National Australia Bank

Neutral

$32.25

WBC

Westpac Bank

Neutral

$24.00

Source: Macquarie Research | Table: Market Index

Results recap

ANZ: 'As good as it gets'

"ANZ delivered one of its best results in recent years, underpinned by improving margins," said Macquarie.

"While margin tailwinds offer a good backdrop for management to absorb higher expenses in FY23, the medium-term outlook appears more challenging."

The analysts expect ANZ to deliver below system pre-provision operating profits after 'capturing much of the margin upside in 2H22'. Still, ANZ was ranked as the most preferred bank among the Big Four due to its post earnings de-rating and valuation discount to peers.

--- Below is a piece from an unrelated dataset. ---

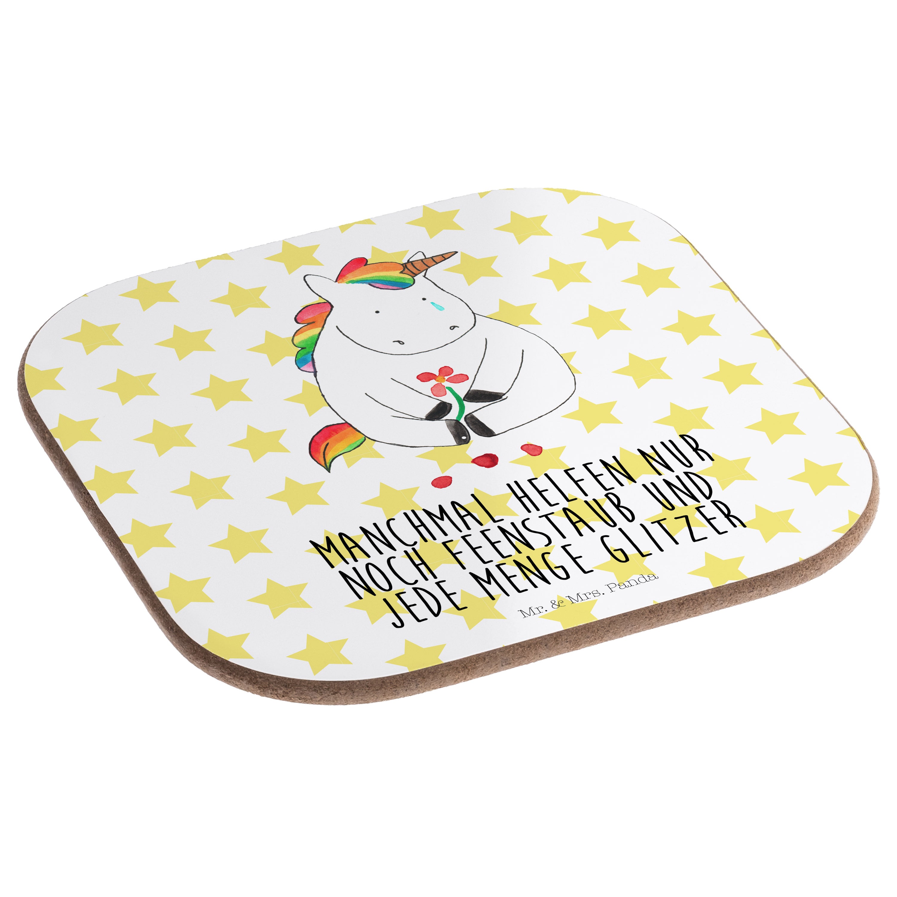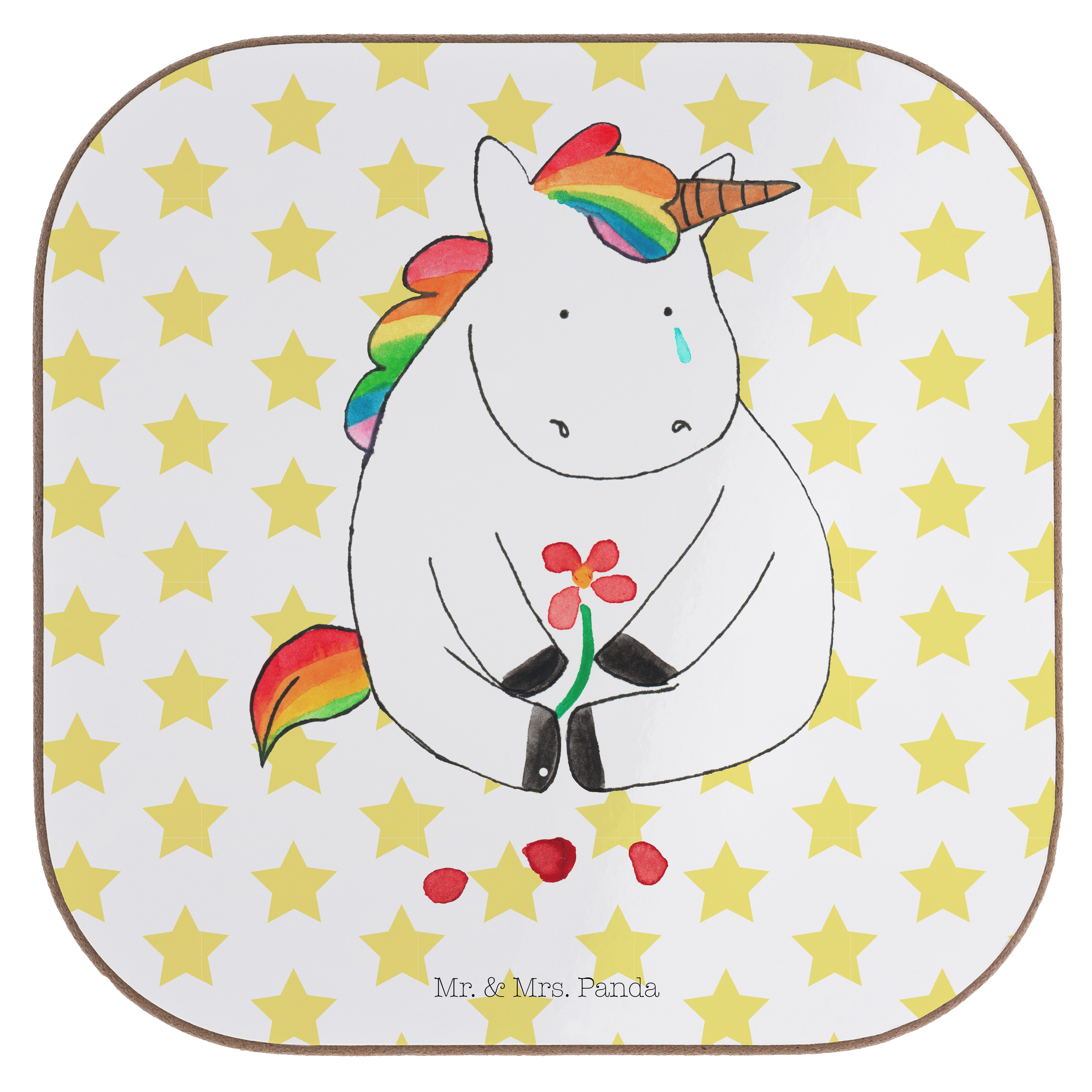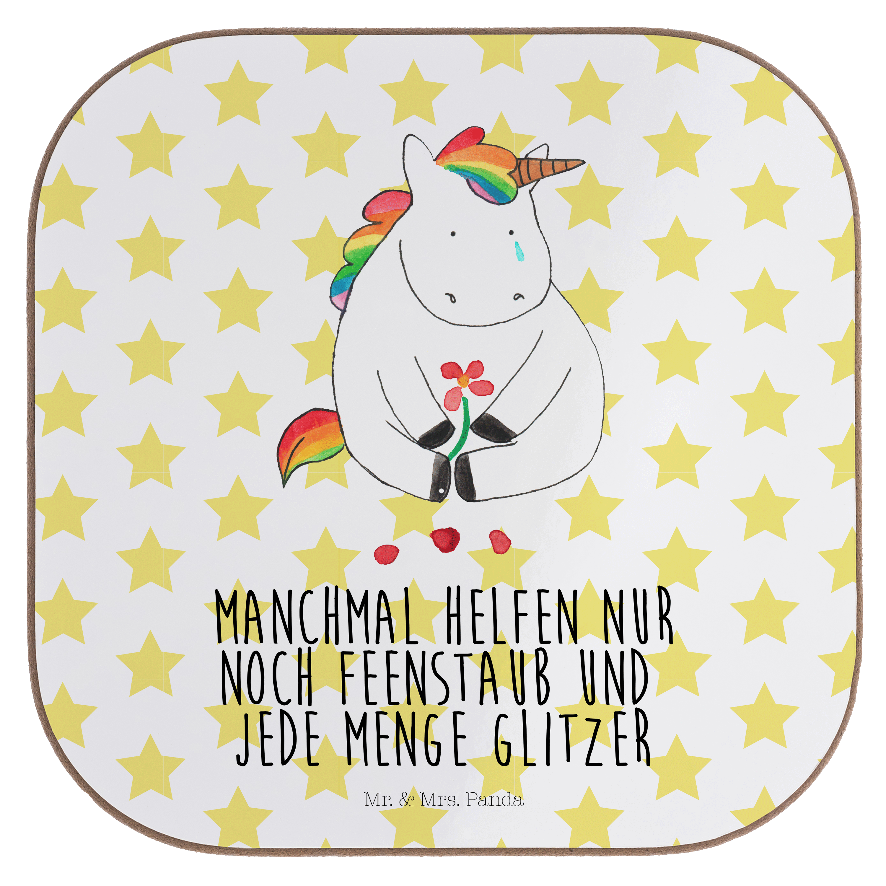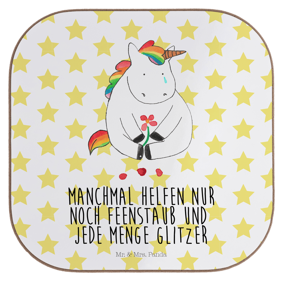 Quadratische Untersetzer Einhorn Traurig - mit Spruch - Weiß

CBA: 'Right place, right time'

CBA is viewed as the bank that's most leveraged to higher rates and delivered the most 'superior margins trends to peers' in the September quarter.

"While CBA remains expensive at current levels trading well above our fundamental valuation, with no obvious catalyst for underperformance and favourable near-term earnings momentum, CBA is unlikely to de-rate relative to peers while underlying trends are solid," noted the analysts.

NAB: Mixed full year results

NAB posted its full-year results on 9 November, which the analysts viewed as a solid performance. However, the interest rate leverage was below both Macquarie expectations and the numbers posted by its peers.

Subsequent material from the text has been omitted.